§ **TASK GOAL**: Repeat the following data exactly, omitting pictures.

§ **SUPPLIED INFORMATION**:
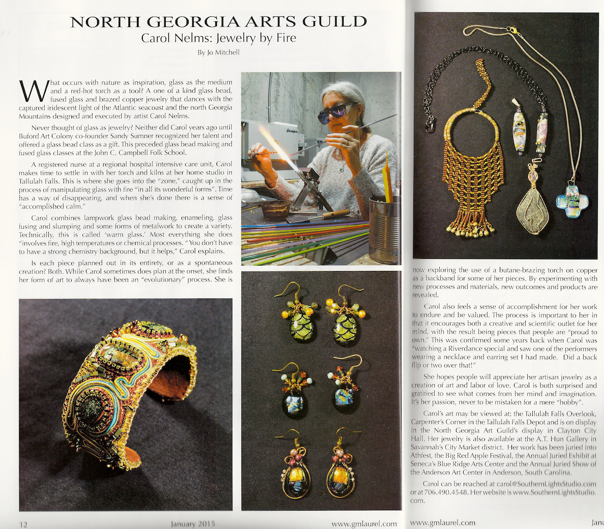 The ArtWorking out of her home studio in the Shenandoah Valley near Winchester VA, Carol creates one-of-a-kind artisan jewelry pieces out of fused glass, metals, and fire. Glass fusing is heat manipulation by a very slow, controlled kiln-baking of glass in order to change the molecular structure of the glass itself. The pieces first "slump" together and then fuse (at about 1450°F) to form into a solid piece. In many pieces, Carol combines plain glass with compatible dichroic glass. The dichroic glass gives her pieces the radiant depth so particular to this art media. Dichroic glass has long been used by astronomers to refract and transmit light simultaneously. Some recent works have incorporated butane brazing of copper. Carol experiments with a variety of materials and heat sources in an ever-evolving creative process. "You don't have to have a strong chemistry background," she says,"but it helps." In addition to creating artisan jewelry for day-to-day and special occasion wear, Carol also produces elaborate artistic works. Her work has been juried into:
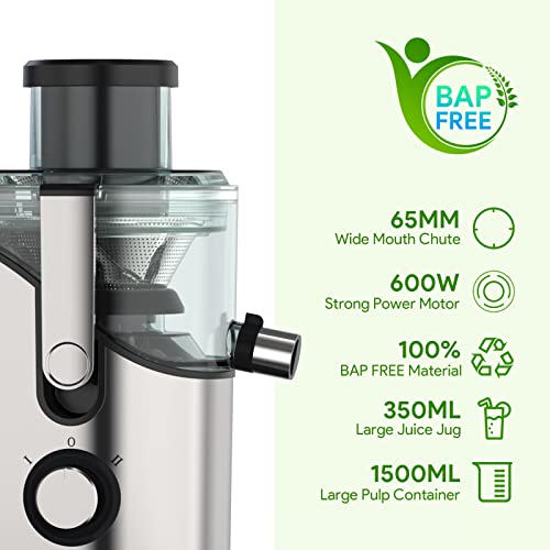 ðComfortable Size: Equipped with 350ml juice jug and 1200ml pulp container. 65mm wide feed chute, most whole fruits and vegetables can be put in directly for juicing. Suitable for personal use and save your kitchen space.
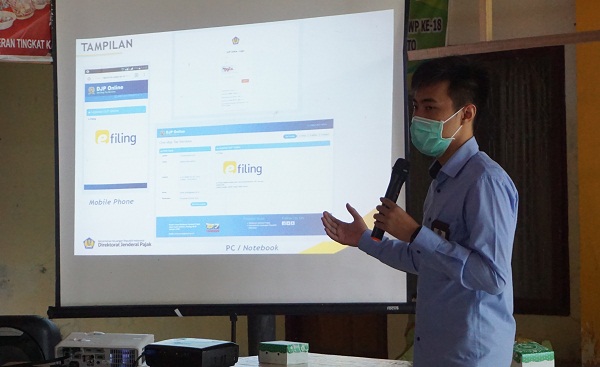Kantor Pelayanan, Penyuluhan, dan Konsultasi Perpajakan Marisa menyelenggarakan kegiatan Sosialisasi e-Filing kepada pegawai Dinas Pertanian Kabupaten Pohuwato yang belum melaksanakan pelaporan SPT Tahunannya di Aula Dinas Pertanian (Rabu, 24/2).

§ **EXERCISE ANSWER**:
 The ArtWorking out of her home studio in the Shenandoah Valley near Winchester VA, Carol creates one-of-a-kind artisan jewelry pieces out of fused glass, metals, and fire. Glass fusing is heat manipulation by a very slow, controlled kiln-baking of glass in order to change the molecular structure of the glass itself. The pieces first "slump" together and then fuse (at about 1450°F) to form into a solid piece. In many pieces, Carol combines plain glass with compatible dichroic glass. The dichroic glass gives her pieces the radiant depth so particular to this art media. Dichroic glass has long been used by astronomers to refract and transmit light simultaneously. Some recent works have incorporated butane brazing of copper. Carol experiments with a variety of materials and heat sources in an ever-evolving creative process. "You don't have to have a strong chemistry background," she says,"but it helps." In addition to creating artisan jewelry for day-to-day and special occasion wear, Carol also produces elaborate artistic works. Her work has been juried into:
 ðComfortable Size: Equipped with 350ml juice jug and 1200ml pulp container. 65mm wide feed chute, most whole fruits and vegetables can be put in directly for juicing. Suitable for personal use and save your kitchen space.
Kantor Pelayanan, Penyuluhan, dan Konsultasi Perpajakan Marisa menyelenggarakan kegiatan Sosialisasi e-Filing kepada pegawai Dinas Pertanian Kabupaten Pohuwato yang belum melaksanakan pelaporan SPT Tahunannya di Aula Dinas Pertanian (Rabu, 24/2).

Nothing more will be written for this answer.